- _EXERCISE BRIEF_:
After locating the line with "[EWQ] フリルスプライスコントラストカラードレス半袖ルーズ因果 O" in the data that follows, return it and every later line exactly, up to and including the line with "Тепло и bello.".

[Saved data entries]
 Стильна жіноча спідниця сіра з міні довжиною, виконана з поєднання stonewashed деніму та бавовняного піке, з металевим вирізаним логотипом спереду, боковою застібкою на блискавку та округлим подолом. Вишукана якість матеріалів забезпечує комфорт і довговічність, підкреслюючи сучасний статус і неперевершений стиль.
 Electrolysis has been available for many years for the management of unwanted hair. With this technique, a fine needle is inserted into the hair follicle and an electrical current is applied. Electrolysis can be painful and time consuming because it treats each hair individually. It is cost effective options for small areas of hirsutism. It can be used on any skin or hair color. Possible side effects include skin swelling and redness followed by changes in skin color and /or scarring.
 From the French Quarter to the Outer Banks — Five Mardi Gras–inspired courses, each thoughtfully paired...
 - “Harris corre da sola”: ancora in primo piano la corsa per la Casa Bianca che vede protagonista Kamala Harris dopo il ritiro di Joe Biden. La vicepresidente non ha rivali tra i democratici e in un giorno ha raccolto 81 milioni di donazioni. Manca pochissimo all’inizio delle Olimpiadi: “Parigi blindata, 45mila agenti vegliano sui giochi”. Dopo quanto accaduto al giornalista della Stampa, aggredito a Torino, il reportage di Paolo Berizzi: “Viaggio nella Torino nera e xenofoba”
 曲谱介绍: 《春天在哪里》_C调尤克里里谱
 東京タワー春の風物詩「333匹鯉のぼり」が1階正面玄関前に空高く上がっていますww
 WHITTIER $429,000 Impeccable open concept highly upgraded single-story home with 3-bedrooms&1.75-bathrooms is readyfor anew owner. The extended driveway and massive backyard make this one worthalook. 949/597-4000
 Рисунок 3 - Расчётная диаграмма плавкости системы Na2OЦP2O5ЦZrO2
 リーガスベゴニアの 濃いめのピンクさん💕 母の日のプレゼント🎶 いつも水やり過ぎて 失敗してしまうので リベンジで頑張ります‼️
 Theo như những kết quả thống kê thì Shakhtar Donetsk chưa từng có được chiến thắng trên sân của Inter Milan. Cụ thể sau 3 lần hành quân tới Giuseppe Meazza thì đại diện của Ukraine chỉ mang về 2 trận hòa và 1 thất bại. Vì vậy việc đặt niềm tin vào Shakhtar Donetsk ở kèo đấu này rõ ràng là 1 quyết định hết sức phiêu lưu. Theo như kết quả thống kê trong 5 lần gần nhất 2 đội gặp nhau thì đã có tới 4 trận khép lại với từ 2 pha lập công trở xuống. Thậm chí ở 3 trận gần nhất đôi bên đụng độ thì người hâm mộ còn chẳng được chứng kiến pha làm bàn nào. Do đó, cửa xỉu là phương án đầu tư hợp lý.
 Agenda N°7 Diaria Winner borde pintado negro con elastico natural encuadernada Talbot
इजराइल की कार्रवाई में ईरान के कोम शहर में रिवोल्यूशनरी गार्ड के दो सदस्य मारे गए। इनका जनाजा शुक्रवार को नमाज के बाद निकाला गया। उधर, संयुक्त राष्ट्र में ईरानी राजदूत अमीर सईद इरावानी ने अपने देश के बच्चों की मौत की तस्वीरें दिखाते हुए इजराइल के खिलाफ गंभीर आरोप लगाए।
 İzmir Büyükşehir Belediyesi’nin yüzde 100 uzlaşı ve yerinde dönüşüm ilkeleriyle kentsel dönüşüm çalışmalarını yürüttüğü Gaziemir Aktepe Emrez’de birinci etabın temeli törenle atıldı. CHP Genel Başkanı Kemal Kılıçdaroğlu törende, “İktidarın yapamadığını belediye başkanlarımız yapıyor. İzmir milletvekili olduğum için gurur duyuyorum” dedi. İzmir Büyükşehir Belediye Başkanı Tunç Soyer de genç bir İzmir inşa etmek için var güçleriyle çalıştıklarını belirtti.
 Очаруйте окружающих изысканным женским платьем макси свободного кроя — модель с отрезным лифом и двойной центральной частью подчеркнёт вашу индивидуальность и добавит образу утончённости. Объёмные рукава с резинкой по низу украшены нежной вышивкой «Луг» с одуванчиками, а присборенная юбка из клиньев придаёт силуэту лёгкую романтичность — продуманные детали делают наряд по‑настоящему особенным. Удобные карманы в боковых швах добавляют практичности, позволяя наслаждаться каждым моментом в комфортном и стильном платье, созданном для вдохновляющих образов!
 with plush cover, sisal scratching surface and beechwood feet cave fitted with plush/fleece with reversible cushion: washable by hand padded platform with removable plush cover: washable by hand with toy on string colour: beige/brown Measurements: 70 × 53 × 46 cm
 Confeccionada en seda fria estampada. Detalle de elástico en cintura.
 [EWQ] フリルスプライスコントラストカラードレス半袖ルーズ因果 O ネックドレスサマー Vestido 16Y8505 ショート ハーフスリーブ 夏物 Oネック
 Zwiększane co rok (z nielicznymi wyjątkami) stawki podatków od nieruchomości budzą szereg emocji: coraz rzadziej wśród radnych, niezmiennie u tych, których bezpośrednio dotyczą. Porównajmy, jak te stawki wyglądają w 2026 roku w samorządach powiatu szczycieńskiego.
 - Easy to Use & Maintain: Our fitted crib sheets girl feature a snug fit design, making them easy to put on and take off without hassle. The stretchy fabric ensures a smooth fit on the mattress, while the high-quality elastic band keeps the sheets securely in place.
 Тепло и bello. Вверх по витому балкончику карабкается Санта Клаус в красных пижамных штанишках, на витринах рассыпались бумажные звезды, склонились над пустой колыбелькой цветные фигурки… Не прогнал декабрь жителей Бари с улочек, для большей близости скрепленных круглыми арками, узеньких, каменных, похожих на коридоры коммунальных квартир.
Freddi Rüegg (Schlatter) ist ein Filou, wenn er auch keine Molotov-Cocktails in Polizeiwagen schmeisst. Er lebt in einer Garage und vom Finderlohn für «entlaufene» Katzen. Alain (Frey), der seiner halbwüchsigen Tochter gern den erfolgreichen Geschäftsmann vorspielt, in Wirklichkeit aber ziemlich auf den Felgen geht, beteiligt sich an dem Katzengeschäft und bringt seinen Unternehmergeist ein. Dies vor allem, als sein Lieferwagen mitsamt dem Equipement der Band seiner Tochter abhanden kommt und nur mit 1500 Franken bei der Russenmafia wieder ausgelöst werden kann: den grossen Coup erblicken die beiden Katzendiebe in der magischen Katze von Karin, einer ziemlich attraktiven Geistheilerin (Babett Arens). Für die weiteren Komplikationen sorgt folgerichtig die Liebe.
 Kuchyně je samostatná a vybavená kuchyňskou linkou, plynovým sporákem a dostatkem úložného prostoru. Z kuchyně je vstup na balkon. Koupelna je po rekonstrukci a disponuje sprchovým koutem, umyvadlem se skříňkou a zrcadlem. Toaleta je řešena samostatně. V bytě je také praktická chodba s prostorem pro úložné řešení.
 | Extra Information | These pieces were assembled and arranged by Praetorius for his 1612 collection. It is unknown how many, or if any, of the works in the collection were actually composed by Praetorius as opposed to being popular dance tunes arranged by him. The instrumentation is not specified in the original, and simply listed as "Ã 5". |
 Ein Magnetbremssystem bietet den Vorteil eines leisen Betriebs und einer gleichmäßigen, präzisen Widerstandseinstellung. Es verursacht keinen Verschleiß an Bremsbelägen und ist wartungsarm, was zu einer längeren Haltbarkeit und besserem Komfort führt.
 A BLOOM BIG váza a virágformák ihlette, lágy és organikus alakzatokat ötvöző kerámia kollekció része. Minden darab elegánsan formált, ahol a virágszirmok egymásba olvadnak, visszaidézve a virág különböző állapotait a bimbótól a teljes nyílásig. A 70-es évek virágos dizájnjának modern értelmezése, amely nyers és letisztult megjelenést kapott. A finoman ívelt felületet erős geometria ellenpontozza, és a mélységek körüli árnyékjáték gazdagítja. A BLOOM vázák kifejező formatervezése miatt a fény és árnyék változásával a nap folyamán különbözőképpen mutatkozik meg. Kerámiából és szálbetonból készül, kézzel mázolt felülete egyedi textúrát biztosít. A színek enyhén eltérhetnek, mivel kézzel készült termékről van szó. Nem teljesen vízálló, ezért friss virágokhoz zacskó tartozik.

- _RESULT_:
 [EWQ] フリルスプライスコントラストカラードレス半袖ルーズ因果 O ネックドレスサマー Vestido 16Y8505 ショート ハーフスリーブ 夏物 Oネック
 Zwiększane co rok (z nielicznymi wyjątkami) stawki podatków od nieruchomości budzą szereg emocji: coraz rzadziej wśród radnych, niezmiennie u tych, których bezpośrednio dotyczą. Porównajmy, jak te stawki wyglądają w 2026 roku w samorządach powiatu szczycieńskiego.
 - Easy to Use & Maintain: Our fitted crib sheets girl feature a snug fit design, making them easy to put on and take off without hassle. The stretchy fabric ensures a smooth fit on the mattress, while the high-quality elastic band keeps the sheets securely in place.
 Тепло и bello. Вверх по витому балкончику карабкается Санта Клаус в красных пижамных штанишках, на витринах рассыпались бумажные звезды, склонились над пустой колыбелькой цветные фигурки… Не прогнал декабрь жителей Бари с улочек, для большей близости скрепленных круглыми арками, узеньких, каменных, похожих на коридоры коммунальных квартир.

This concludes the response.